## The problem:
Retype the entries exactly. Include every line.
Segment Start: Material shown
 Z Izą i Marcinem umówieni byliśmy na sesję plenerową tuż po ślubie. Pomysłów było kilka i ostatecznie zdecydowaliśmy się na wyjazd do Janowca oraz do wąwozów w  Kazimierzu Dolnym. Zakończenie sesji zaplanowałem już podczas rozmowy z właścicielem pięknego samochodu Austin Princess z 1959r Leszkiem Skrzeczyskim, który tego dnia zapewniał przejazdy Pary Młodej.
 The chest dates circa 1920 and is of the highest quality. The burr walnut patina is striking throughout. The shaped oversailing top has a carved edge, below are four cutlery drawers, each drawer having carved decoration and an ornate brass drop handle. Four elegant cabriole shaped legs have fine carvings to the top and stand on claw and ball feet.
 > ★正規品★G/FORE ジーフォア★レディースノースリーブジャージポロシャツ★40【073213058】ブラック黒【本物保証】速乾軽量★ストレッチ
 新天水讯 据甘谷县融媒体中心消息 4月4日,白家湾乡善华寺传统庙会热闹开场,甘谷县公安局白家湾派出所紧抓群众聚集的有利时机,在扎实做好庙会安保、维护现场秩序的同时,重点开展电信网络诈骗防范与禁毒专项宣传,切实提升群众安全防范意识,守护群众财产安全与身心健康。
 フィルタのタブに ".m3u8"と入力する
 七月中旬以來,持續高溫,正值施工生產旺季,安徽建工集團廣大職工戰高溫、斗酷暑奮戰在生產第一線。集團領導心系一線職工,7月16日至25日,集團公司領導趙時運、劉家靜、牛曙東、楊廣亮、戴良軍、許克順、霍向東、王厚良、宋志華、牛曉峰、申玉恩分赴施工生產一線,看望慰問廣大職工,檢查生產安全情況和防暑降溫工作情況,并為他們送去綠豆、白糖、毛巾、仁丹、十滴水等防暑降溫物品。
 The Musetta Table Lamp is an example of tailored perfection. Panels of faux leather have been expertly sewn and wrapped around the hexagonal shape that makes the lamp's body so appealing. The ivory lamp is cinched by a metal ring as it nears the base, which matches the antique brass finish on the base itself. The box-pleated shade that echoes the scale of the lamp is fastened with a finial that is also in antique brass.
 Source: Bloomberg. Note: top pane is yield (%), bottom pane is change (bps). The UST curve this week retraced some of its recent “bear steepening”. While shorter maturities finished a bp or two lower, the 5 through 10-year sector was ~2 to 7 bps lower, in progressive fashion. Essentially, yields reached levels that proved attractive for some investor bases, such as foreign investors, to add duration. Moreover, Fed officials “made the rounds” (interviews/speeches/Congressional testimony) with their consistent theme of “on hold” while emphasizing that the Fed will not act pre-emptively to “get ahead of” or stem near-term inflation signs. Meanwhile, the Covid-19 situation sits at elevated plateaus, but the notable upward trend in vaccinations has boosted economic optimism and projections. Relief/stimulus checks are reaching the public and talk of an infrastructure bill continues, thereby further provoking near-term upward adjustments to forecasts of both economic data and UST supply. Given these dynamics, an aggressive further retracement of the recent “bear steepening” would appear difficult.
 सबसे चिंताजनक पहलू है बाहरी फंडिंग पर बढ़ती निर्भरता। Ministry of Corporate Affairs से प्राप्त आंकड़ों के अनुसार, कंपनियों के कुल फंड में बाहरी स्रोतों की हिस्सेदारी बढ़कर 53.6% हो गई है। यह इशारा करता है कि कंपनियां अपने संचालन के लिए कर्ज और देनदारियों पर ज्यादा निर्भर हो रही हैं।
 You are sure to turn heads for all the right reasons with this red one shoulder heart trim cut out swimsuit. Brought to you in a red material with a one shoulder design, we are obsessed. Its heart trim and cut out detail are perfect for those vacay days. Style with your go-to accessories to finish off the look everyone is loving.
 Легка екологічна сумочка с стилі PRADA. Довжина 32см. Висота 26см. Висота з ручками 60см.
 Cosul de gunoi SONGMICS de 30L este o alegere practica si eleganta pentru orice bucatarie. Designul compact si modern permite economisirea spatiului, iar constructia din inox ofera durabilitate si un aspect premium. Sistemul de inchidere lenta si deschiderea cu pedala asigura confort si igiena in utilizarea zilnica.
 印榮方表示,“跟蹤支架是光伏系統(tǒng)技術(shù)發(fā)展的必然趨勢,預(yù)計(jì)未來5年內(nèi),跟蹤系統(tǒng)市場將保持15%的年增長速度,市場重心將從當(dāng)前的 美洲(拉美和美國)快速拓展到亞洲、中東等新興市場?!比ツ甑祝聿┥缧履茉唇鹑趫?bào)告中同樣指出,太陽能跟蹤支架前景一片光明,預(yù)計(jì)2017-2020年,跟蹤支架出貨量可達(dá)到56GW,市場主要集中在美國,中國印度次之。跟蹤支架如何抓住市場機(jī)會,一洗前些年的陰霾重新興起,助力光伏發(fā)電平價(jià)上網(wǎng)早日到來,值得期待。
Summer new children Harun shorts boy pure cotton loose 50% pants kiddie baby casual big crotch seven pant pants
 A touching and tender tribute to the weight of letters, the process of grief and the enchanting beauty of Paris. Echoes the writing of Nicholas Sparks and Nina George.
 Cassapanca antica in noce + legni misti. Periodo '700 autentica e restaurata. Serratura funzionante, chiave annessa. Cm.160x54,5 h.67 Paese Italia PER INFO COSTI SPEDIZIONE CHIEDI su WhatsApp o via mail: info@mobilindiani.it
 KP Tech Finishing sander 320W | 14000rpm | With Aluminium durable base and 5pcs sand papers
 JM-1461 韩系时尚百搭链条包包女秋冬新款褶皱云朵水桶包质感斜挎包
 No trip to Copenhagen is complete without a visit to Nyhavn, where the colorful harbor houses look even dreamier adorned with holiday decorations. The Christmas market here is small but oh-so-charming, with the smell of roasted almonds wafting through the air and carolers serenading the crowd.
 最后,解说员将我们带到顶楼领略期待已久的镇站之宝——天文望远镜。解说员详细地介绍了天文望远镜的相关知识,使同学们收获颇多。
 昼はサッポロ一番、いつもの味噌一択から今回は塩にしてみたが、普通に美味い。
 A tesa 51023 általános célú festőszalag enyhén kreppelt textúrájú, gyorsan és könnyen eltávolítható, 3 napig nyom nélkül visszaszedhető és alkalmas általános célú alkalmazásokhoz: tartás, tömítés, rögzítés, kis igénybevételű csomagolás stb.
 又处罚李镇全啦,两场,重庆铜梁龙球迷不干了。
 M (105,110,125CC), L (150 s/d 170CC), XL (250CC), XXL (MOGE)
Segment End: Material shown
## Reply:
 Z Izą i Marcinem umówieni byliśmy na sesję plenerową tuż po ślubie. Pomysłów było kilka i ostatecznie zdecydowaliśmy się na wyjazd do Janowca oraz do wąwozów w  Kazimierzu Dolnym. Zakończenie sesji zaplanowałem już podczas rozmowy z właścicielem pięknego samochodu Austin Princess z 1959r Leszkiem Skrzeczyskim, który tego dnia zapewniał przejazdy Pary Młodej.
 The chest dates circa 1920 and is of the highest quality. The burr walnut patina is striking throughout. The shaped oversailing top has a carved edge, below are four cutlery drawers, each drawer having carved decoration and an ornate brass drop handle. Four elegant cabriole shaped legs have fine carvings to the top and stand on claw and ball feet.
 > ★正規品★G/FORE ジーフォア★レディースノースリーブジャージポロシャツ★40【073213058】ブラック黒【本物保証】速乾軽量★ストレッチ
 新天水讯 据甘谷县融媒体中心消息 4月4日,白家湾乡善华寺传统庙会热闹开场,甘谷县公安局白家湾派出所紧抓群众聚集的有利时机,在扎实做好庙会安保、维护现场秩序的同时,重点开展电信网络诈骗防范与禁毒专项宣传,切实提升群众安全防范意识,守护群众财产安全与身心健康。
 フィルタのタブに ".m3u8"と入力する
 七月中旬以來,持續高溫,正值施工生產旺季,安徽建工集團廣大職工戰高溫、斗酷暑奮戰在生產第一線。集團領導心系一線職工,7月16日至25日,集團公司領導趙時運、劉家靜、牛曙東、楊廣亮、戴良軍、許克順、霍向東、王厚良、宋志華、牛曉峰、申玉恩分赴施工生產一線,看望慰問廣大職工,檢查生產安全情況和防暑降溫工作情況,并為他們送去綠豆、白糖、毛巾、仁丹、十滴水等防暑降溫物品。
 The Musetta Table Lamp is an example of tailored perfection. Panels of faux leather have been expertly sewn and wrapped around the hexagonal shape that makes the lamp's body so appealing. The ivory lamp is cinched by a metal ring as it nears the base, which matches the antique brass finish on the base itself. The box-pleated shade that echoes the scale of the lamp is fastened with a finial that is also in antique brass.
 Source: Bloomberg. Note: top pane is yield (%), bottom pane is change (bps). The UST curve this week retraced some of its recent “bear steepening”. While shorter maturities finished a bp or two lower, the 5 through 10-year sector was ~2 to 7 bps lower, in progressive fashion. Essentially, yields reached levels that proved attractive for some investor bases, such as foreign investors, to add duration. Moreover, Fed officials “made the rounds” (interviews/speeches/Congressional testimony) with their consistent theme of “on hold” while emphasizing that the Fed will not act pre-emptively to “get ahead of” or stem near-term inflation signs. Meanwhile, the Covid-19 situation sits at elevated plateaus, but the notable upward trend in vaccinations has boosted economic optimism and projections. Relief/stimulus checks are reaching the public and talk of an infrastructure bill continues, thereby further provoking near-term upward adjustments to forecasts of both economic data and UST supply. Given these dynamics, an aggressive further retracement of the recent “bear steepening” would appear difficult.
 सबसे चिंताजनक पहलू है बाहरी फंडिंग पर बढ़ती निर्भरता। Ministry of Corporate Affairs से प्राप्त आंकड़ों के अनुसार, कंपनियों के कुल फंड में बाहरी स्रोतों की हिस्सेदारी बढ़कर 53.6% हो गई है। यह इशारा करता है कि कंपनियां अपने संचालन के लिए कर्ज और देनदारियों पर ज्यादा निर्भर हो रही हैं।
 You are sure to turn heads for all the right reasons with this red one shoulder heart trim cut out swimsuit. Brought to you in a red material with a one shoulder design, we are obsessed. Its heart trim and cut out detail are perfect for those vacay days. Style with your go-to accessories to finish off the look everyone is loving.
 Легка екологічна сумочка с стилі PRADA. Довжина 32см. Висота 26см. Висота з ручками 60см.
 Cosul de gunoi SONGMICS de 30L este o alegere practica si eleganta pentru orice bucatarie. Designul compact si modern permite economisirea spatiului, iar constructia din inox ofera durabilitate si un aspect premium. Sistemul de inchidere lenta si deschiderea cu pedala asigura confort si igiena in utilizarea zilnica.
 印榮方表示,“跟蹤支架是光伏系統(tǒng)技術(shù)發(fā)展的必然趨勢,預(yù)計(jì)未來5年內(nèi),跟蹤系統(tǒng)市場將保持15%的年增長速度,市場重心將從當(dāng)前的 美洲(拉美和美國)快速拓展到亞洲、中東等新興市場?!比ツ甑祝聿┥缧履茉唇鹑趫?bào)告中同樣指出,太陽能跟蹤支架前景一片光明,預(yù)計(jì)2017-2020年,跟蹤支架出貨量可達(dá)到56GW,市場主要集中在美國,中國印度次之。跟蹤支架如何抓住市場機(jī)會,一洗前些年的陰霾重新興起,助力光伏發(fā)電平價(jià)上網(wǎng)早日到來,值得期待。
Summer new children Harun shorts boy pure cotton loose 50% pants kiddie baby casual big crotch seven pant pants
 A touching and tender tribute to the weight of letters, the process of grief and the enchanting beauty of Paris. Echoes the writing of Nicholas Sparks and Nina George.
 Cassapanca antica in noce + legni misti. Periodo '700 autentica e restaurata. Serratura funzionante, chiave annessa. Cm.160x54,5 h.67 Paese Italia PER INFO COSTI SPEDIZIONE CHIEDI su WhatsApp o via mail: info@mobilindiani.it
 KP Tech Finishing sander 320W | 14000rpm | With Aluminium durable base and 5pcs sand papers
 JM-1461 韩系时尚百搭链条包包女秋冬新款褶皱云朵水桶包质感斜挎包
 No trip to Copenhagen is complete without a visit to Nyhavn, where the colorful harbor houses look even dreamier adorned with holiday decorations. The Christmas market here is small but oh-so-charming, with the smell of roasted almonds wafting through the air and carolers serenading the crowd.
 最后,解说员将我们带到顶楼领略期待已久的镇站之宝——天文望远镜。解说员详细地介绍了天文望远镜的相关知识,使同学们收获颇多。
 昼はサッポロ一番、いつもの味噌一択から今回は塩にしてみたが、普通に美味い。
 A tesa 51023 általános célú festőszalag enyhén kreppelt textúrájú, gyorsan és könnyen eltávolítható, 3 napig nyom nélkül visszaszedhető és alkalmas általános célú alkalmazásokhoz: tartás, tömítés, rögzítés, kis igénybevételű csomagolás stb.
 又处罚李镇全啦,两场,重庆铜梁龙球迷不干了。
 M (105,110,125CC), L (150 s/d 170CC), XL (250CC), XXL (MOGE)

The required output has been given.